Information shown Start Marker
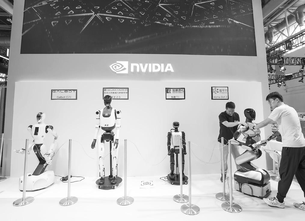 IN this photo released by Xinhua News Agency, workers set up a robot at the booth of Nvidia ahead of the upcoming third China International Supply Chain Expo (CISCE) in Beijing, on July 14, 2025. Photo:Ju Huanzong/AP
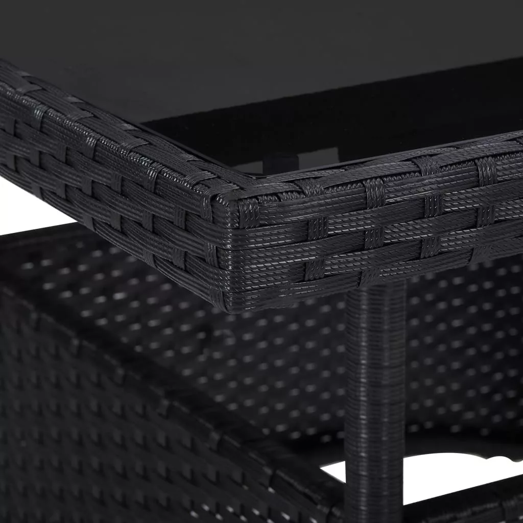 Dobja fel kertje vagy verandája hangulatát ezzel a hívogató kültéri étkezőasztallal! Tökéletesen kielégíti vendégei igényeit, valamint remek helyet kínál a szabadban való étkezéshez. Fogyassza el vacsoráját a csillagos ég alatt, vagy ebédeljen napsütésben a verandán étkezőasztalunknál ülve. Akár 4 ember is elfér körülötte. Az asztal porszórt acélvázzal és időjárás-, valamint UV-álló PE rattanból készült, így hosszú éveken át használható a szabadban. A megerősített biztonsági üvegből készült asztallap erős támasztékot nyújt, valamint könnyen karbantartható és tisztítható. A könnyű rattanszerkezetnek köszönhetően az asztal egyszerűen mozgatható és áthelyezhető. Fontos megjegyzés: Az élettartam növelése érdekében javasolt letakarni az asztalt eső, hó, fagy vagy egyéb zord időjárási körülmény esetén.
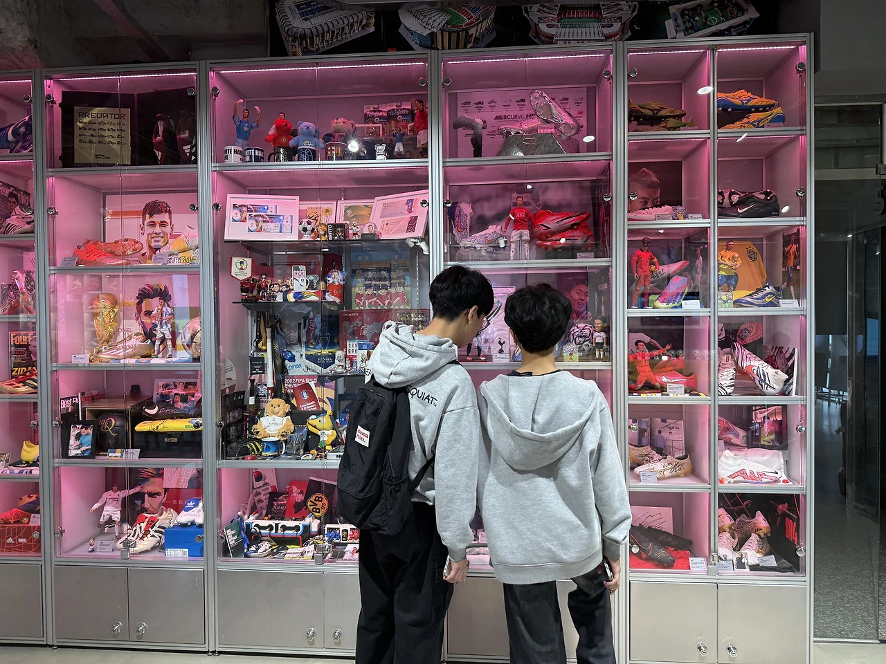 그렇게 동대문 근처의 축구 용품 샵에 가보니 무려 4층짜리 건물에 빼곡하게 축구용품이 차곡히 채워져 있다. 한 층은 유니폼만, 또 한 층은 브랜드별로 나오는 축구화만... 사람들은 보통 1~3층에서 구경하는데 우리는 먼저 훑어본 막내가 위로 올라가야 진짜라기에 4층까지 올라갔다. 1~2층이 축구 가게라면 4층은 그야말로 올라가면 올라갈수록 마니아들의 공간이자 박물관이었다. 가장 마지막 층은 축구 용품샵의 주인이 그동안 모아놓은 축구 용품들이 전시되어 있었다. 사인받은 축구화, 유니폼, 본인이 사다 모은 각종 축구 관련 굿즈들. 족히 10년은 넘게 모았을 것들이 유리 상자 안에 소중하게 들어있었다. 나는 죄다 모르는 선수였지만 막내는 연신 사진을 찍고, 이리저리 둘러보며 아주 신났다. 그런 둘째에게 큰애가 또 홍대 쪽에 있는 빈티지샵에 가보자고 한다. 원래 홍대 근처에 있는 연필 샵에 가려고 했던 우리였다. 문구에는 별다른 관심이 없는 동생이기에 동생이 좋아하는 축구 유니폼 빈티지샵에 들렀다 연필을 사러 가자는 것이다. 축구 흥분모드에 접어든 둘째는 말하지 않았는데도 가는 길을 검색해 본다.
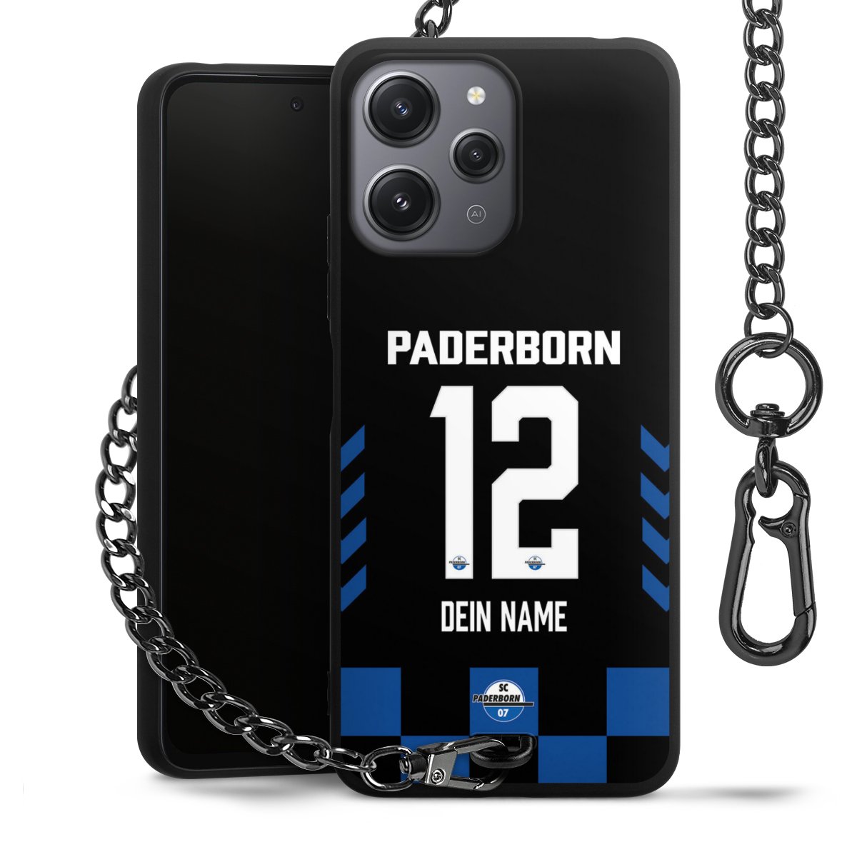 - Mattschwarze Handyhülle mit Metallkette
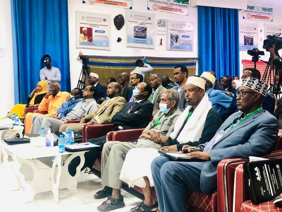 Shirkan oo lagu qabtay xarunta Akadeemiyada Cilmiga, Fanka iyo suugaanta waxaa ka soo qayb-galay madax sare oo ka socotey dowladda Soomaaliya, ururrada bulshada iyo aqoonyahanno daneeya arrimaha AfSoomaaliga.
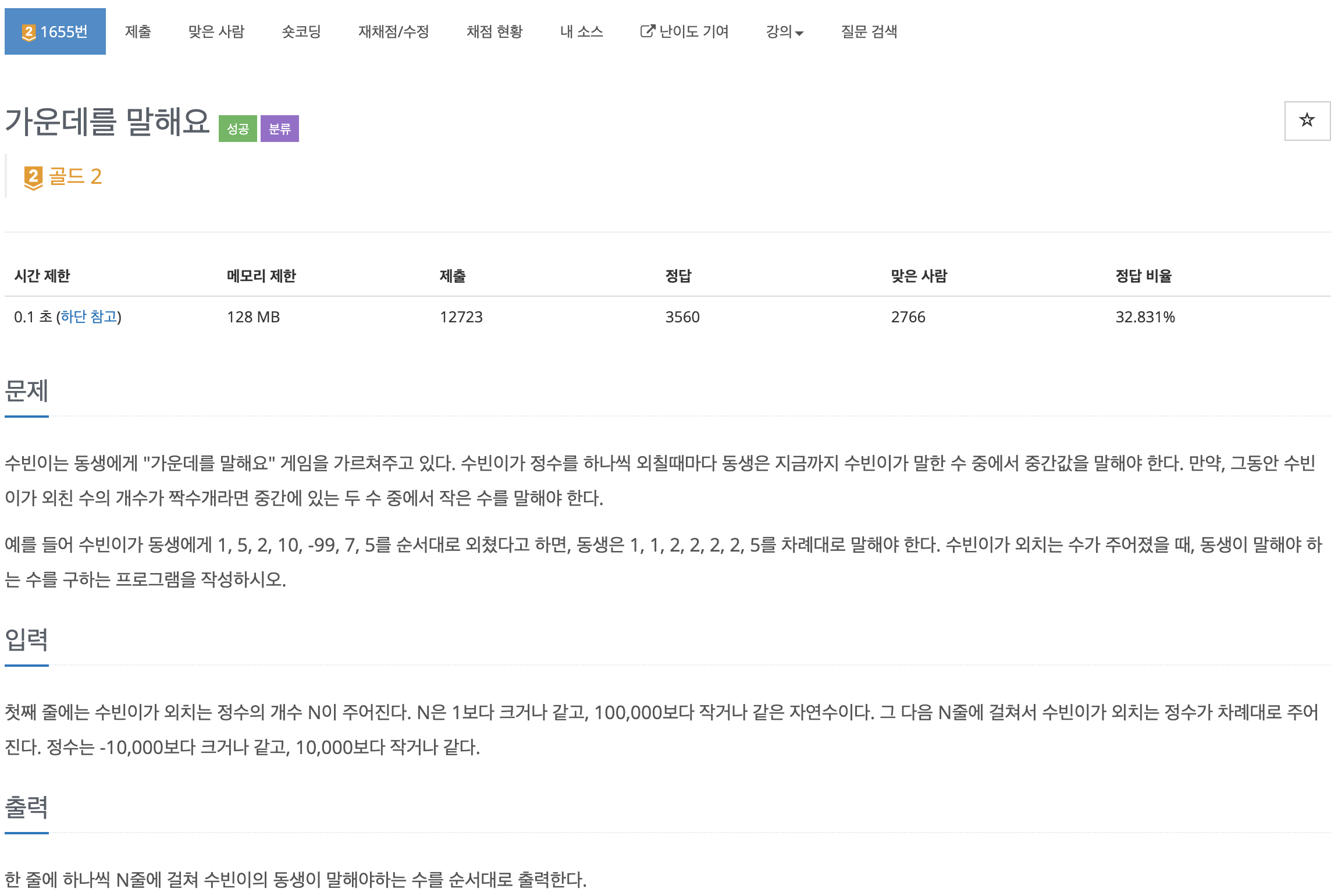 따라서 작은 수들의 배열 중 가장 큰 값이 항상 중간값이 됩니다. 이것을 매번 출력해 줍니다.
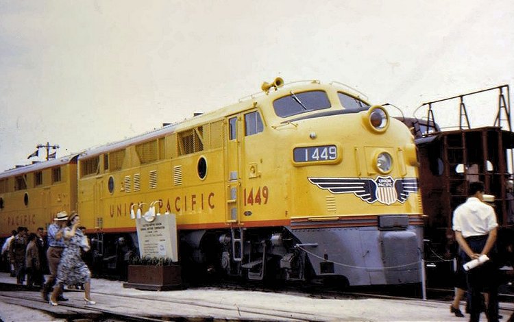 Union Pacific Electro-Motive F3A unit 1449 and a companion were fresh from delivery by the builder when displayed at the 1948 fair in July 1948. This unit was traded back to EMD in 1964 for newer power.
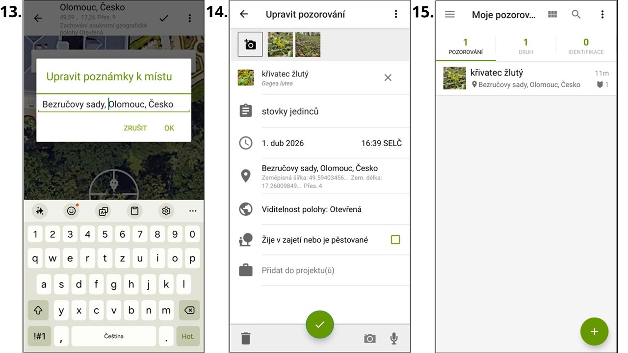 Pokud z fotky není patrné, kolik se na lokalitě nachází jedinců, je vhodné do Poznámky k pozorování připsat údaje o
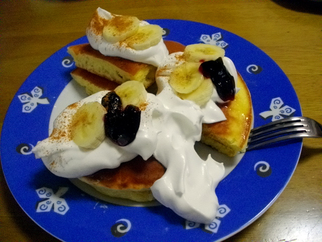生クリーム&バナナ&ブルーベリージャム&シナモンパウダーをトッピング。
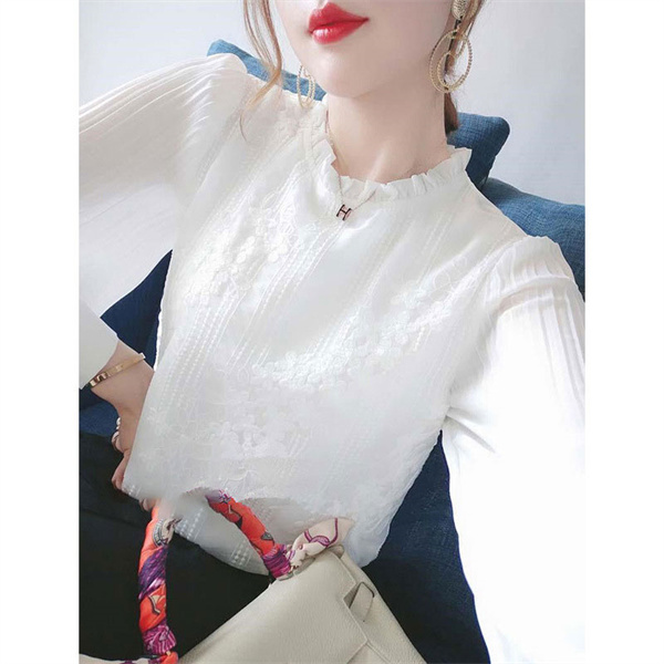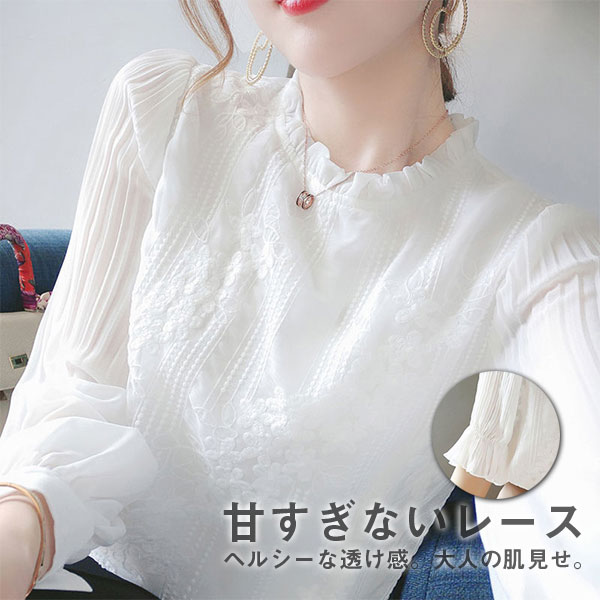 ポイント超超祭利用可 レースブラウス 長袖 レディース チュール シアートップス フリル シースルー オシャレ プルオーバー きれいめ 透けレース かわいい 透け感
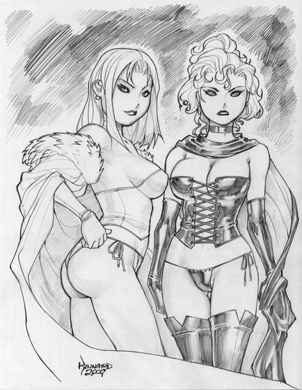 i had one hellava time to figure how i was gonna pull this idea off. i know what ur thinking....it reminds u a lot of the j scott campbell idea of power girl trying to fit into supergirls costume. this was not my idea mind u...and i almost didnt accept it. but hey, who am i to deny one his fantasy idea.when ever u have two figures side by side, u have a good change of it growing stagnant and uni
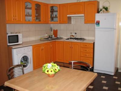 Есть просторная кухня с необходимым набором посуды, плитой, холодильником. Во дворе находится мангал для самостоятельного приготовления шашлыка, автостоянка.
Information shown End Marker
§ **Problem statement**:
Retype the entries exactly, skipping every picture.

§ **Solved problem**:
 IN this photo released by Xinhua News Agency, workers set up a robot at the booth of Nvidia ahead of the upcoming third China International Supply Chain Expo (CISCE) in Beijing, on July 14, 2025. Photo:Ju Huanzong/AP
 Dobja fel kertje vagy verandája hangulatát ezzel a hívogató kültéri étkezőasztallal! Tökéletesen kielégíti vendégei igényeit, valamint remek helyet kínál a szabadban való étkezéshez. Fogyassza el vacsoráját a csillagos ég alatt, vagy ebédeljen napsütésben a verandán étkezőasztalunknál ülve. Akár 4 ember is elfér körülötte. Az asztal porszórt acélvázzal és időjárás-, valamint UV-álló PE rattanból készült, így hosszú éveken át használható a szabadban. A megerősített biztonsági üvegből készült asztallap erős támasztékot nyújt, valamint könnyen karbantartható és tisztítható. A könnyű rattanszerkezetnek köszönhetően az asztal egyszerűen mozgatható és áthelyezhető. Fontos megjegyzés: Az élettartam növelése érdekében javasolt letakarni az asztalt eső, hó, fagy vagy egyéb zord időjárási körülmény esetén.
 그렇게 동대문 근처의 축구 용품 샵에 가보니 무려 4층짜리 건물에 빼곡하게 축구용품이 차곡히 채워져 있다. 한 층은 유니폼만, 또 한 층은 브랜드별로 나오는 축구화만... 사람들은 보통 1~3층에서 구경하는데 우리는 먼저 훑어본 막내가 위로 올라가야 진짜라기에 4층까지 올라갔다. 1~2층이 축구 가게라면 4층은 그야말로 올라가면 올라갈수록 마니아들의 공간이자 박물관이었다. 가장 마지막 층은 축구 용품샵의 주인이 그동안 모아놓은 축구 용품들이 전시되어 있었다. 사인받은 축구화, 유니폼, 본인이 사다 모은 각종 축구 관련 굿즈들. 족히 10년은 넘게 모았을 것들이 유리 상자 안에 소중하게 들어있었다. 나는 죄다 모르는 선수였지만 막내는 연신 사진을 찍고, 이리저리 둘러보며 아주 신났다. 그런 둘째에게 큰애가 또 홍대 쪽에 있는 빈티지샵에 가보자고 한다. 원래 홍대 근처에 있는 연필 샵에 가려고 했던 우리였다. 문구에는 별다른 관심이 없는 동생이기에 동생이 좋아하는 축구 유니폼 빈티지샵에 들렀다 연필을 사러 가자는 것이다. 축구 흥분모드에 접어든 둘째는 말하지 않았는데도 가는 길을 검색해 본다.
 - Mattschwarze Handyhülle mit Metallkette
 Shirkan oo lagu qabtay xarunta Akadeemiyada Cilmiga, Fanka iyo suugaanta waxaa ka soo qayb-galay madax sare oo ka socotey dowladda Soomaaliya, ururrada bulshada iyo aqoonyahanno daneeya arrimaha AfSoomaaliga.
 따라서 작은 수들의 배열 중 가장 큰 값이 항상 중간값이 됩니다. 이것을 매번 출력해 줍니다.
 Union Pacific Electro-Motive F3A unit 1449 and a companion were fresh from delivery by the builder when displayed at the 1948 fair in July 1948. This unit was traded back to EMD in 1964 for newer power.
 Pokud z fotky není patrné, kolik se na lokalitě nachází jedinců, je vhodné do Poznámky k pozorování připsat údaje o
生クリーム&バナナ&ブルーベリージャム&シナモンパウダーをトッピング。
 ポイント超超祭利用可 レースブラウス 長袖 レディース チュール シアートップス フリル シースルー オシャレ プルオーバー きれいめ 透けレース かわいい 透け感
 i had one hellava time to figure how i was gonna pull this idea off. i know what ur thinking....it reminds u a lot of the j scott campbell idea of power girl trying to fit into supergirls costume. this was not my idea mind u...and i almost didnt accept it. but hey, who am i to deny one his fantasy idea.when ever u have two figures side by side, u have a good change of it growing stagnant and uni
 Есть просторная кухня с необходимым набором посуды, плитой, холодильником. Во дворе находится мангал для самостоятельного приготовления шашлыка, автостоянка.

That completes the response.